Source records:
◆ ◆ ◆ ◆

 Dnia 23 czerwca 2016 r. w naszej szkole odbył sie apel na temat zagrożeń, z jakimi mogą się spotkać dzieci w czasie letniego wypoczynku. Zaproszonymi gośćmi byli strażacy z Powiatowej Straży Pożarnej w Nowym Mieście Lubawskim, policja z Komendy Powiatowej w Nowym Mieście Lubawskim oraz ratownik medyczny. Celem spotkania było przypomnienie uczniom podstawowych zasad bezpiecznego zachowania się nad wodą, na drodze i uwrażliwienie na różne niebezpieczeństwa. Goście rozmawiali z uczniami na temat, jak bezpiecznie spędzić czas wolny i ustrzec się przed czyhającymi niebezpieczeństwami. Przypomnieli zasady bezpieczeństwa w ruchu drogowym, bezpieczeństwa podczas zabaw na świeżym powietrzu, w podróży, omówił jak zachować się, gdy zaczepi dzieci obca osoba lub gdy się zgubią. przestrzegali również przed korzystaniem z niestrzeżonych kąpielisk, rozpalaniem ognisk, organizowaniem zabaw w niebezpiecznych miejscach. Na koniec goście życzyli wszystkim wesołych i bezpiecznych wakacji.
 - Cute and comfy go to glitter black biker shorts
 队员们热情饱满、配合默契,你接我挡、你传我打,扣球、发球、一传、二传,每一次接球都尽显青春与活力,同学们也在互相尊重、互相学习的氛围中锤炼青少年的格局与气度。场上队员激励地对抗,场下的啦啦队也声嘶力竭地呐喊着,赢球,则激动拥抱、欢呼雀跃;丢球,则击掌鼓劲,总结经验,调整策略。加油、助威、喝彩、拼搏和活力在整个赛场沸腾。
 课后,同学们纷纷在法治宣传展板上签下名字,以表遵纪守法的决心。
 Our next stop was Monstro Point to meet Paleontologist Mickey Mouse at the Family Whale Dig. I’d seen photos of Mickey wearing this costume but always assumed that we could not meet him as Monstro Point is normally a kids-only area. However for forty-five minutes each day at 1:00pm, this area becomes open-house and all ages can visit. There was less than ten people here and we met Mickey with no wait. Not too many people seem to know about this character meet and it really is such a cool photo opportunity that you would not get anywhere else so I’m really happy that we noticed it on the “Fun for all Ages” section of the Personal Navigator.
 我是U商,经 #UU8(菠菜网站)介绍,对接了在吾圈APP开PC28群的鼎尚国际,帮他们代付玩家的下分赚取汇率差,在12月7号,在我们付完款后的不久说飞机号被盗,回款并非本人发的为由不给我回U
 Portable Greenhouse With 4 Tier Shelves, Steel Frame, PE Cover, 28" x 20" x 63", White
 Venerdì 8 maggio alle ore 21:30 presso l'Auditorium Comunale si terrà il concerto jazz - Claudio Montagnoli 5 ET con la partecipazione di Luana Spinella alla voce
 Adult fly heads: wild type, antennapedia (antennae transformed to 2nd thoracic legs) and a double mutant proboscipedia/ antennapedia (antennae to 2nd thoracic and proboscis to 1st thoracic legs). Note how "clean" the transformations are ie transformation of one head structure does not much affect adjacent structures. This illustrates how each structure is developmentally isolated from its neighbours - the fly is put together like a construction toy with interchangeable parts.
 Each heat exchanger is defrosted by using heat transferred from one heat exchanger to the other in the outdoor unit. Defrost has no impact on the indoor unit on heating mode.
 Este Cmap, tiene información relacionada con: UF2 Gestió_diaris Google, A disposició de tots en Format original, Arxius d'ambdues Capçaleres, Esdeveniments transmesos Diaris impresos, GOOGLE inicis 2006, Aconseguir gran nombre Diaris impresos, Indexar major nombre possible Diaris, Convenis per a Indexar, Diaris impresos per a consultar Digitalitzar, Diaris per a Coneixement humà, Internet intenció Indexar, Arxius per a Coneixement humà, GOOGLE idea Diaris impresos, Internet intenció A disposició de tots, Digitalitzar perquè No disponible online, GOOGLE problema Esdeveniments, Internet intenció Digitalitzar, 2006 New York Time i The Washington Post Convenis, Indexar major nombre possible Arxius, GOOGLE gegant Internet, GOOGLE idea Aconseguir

◆ ◆ ◆ ◆

* **Your objective**
Return a word-for-word copy of the lines above from the one holding "我是U商,经 #UU8(菠菜" through the one holding "Venerdì 8 maggio", with both of them included and nothing besides.

* **Answer box**
 我是U商,经 #UU8(菠菜网站)介绍,对接了在吾圈APP开PC28群的鼎尚国际,帮他们代付玩家的下分赚取汇率差,在12月7号,在我们付完款后的不久说飞机号被盗,回款并非本人发的为由不给我回U
 Portable Greenhouse With 4 Tier Shelves, Steel Frame, PE Cover, 28" x 20" x 63", White
 Venerdì 8 maggio alle ore 21:30 presso l'Auditorium Comunale si terrà il concerto jazz - Claudio Montagnoli 5 ET con la partecipazione di Luana Spinella alla voce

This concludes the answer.